Fragile topology for six-fold rotation symmetry indicated by the concentric Wilson loop spectrum

TL;DR

This paper explores topological phases in p6 symmetric lattice models, revealing that the six-fold symmetry-related topology is fragile and can be detected using concentric Wilson loop spectra, challenging previous assumptions about topological invariants.

Contribution

It introduces the use of Concentric Wilson Loop Spectrum to identify fragile topology in six-fold symmetric systems, expanding the understanding of topological invariants.

Findings

Topological phases vary with hopping parameters in p6 symmetric models.

The CWLS invariant detects topological properties where conventional invariants may fail.
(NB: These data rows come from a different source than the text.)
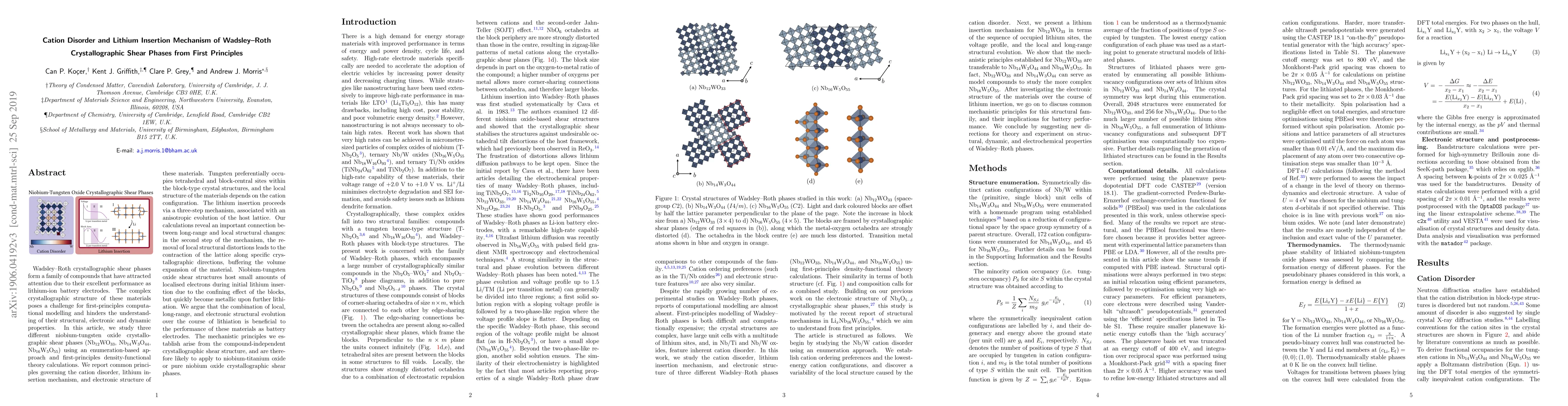 Wadsley--Roth crystallographic shear phases form a family of compounds that have attracted attention due to their excellent performance as lithium-ion battery electrodes. The complex crystallographic structure of these materials poses a challenge for first-principles computational modelling and hinders the understanding of their structural, electronic and dynamic properties. In this article, we study three different niobium-tungsten oxide crystallographic shear phases (Nb$_{12}$WO$_{33}$, Nb$_{14}$W$_{3}$O$_{44}$, Nb$_{16}$W$_5$O$_{55}$) using an enumeration-based approach and first-principles density-functional theory calculations. We report common principles governing the cation disorder, lithium insertion mechanism, and electronic structure of these materials. Tungsten preferentially occupies tetrahedral and block-central sites within the block-type crystal structures. The lithium insertion proceeds via a three-step mechanism, associated with an anisotropic evolution of the host lattice. Our calculations reveal an important connection between long-range and local structural changes: in the second step of the mechanism, the removal of local structural distortions leads to the contraction of the lattice along specific crystallographic directions, buffering the volume expansion of the material. Niobium-tungsten oxide shear structures host small amounts of localised electrons during initial lithium insertion due to the confining effect of the blocks, but quickly become metallic upon further lithiation. We argue that the combination of local, long-range, and electronic structural evolution over the course of lithiation is beneficial to the performance of these materials as battery electrodes. The mechanistic principles we establish arise from the compound-independent crystallographic shear structure, and are therefore likely to apply to Ti/Nb oxide or pure Nb oxide shear phases.
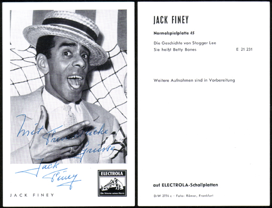 Ich habe eine Autogrammkarte von Jack Finey eingescannt, damit man sich mal ein Bild von dem Mann machen kann. Er kam aus der Karibik und nahm wohl noch weitere deutsche Singles auf.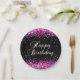 Hot Pink Glitzer Black Happy Birthday Pappteller

The identified topology in six-fold symmetry systems is fragile, not robust.

Abstract

We investigate topological phase transitions for the Haldane and Kane-Mele model in a lattice with $p6$ symmetry, which consists of triangles and hexagons arranged in a two-dimensional geometry. For the Haldane model, which breaks time-reversal symmetry, we calculate the Chern number using a multi-band non-Abelian Wilson loop formalism. By varying the hopping parameters in the triangles and hexagons independently, a large variety of topological phases emerge. In the presence of a next-next-nearest neighbor hopping, the phase diagram becomes even richer, with regions exhibiting high Chern numbers. Then, we consider the Kane-Mele model, for which time-reversal symmetry is preserved, and calculate the number of $\pi$-crossings in the Concentric Wilson Loop Spectrum (CWLS). This method is appropriate to determine the topological invariant for systems hosting time-reversal and rotational symmetry, but lacking all other symmetries. According to a classification based on $K$-theory, the CWLS invariant reveals topological properties even when more conventional invariants fail to detect them. The formalism was previously successfully applied to systems with 3- and 4-fold symmetry. Here, we surprisingly find that for the 6-fold-symmetry model investigated, the topology identified by this invariant is fragile, therefore questioning the claim that this should be the strong invariant missing in a complete classification of topological insulators.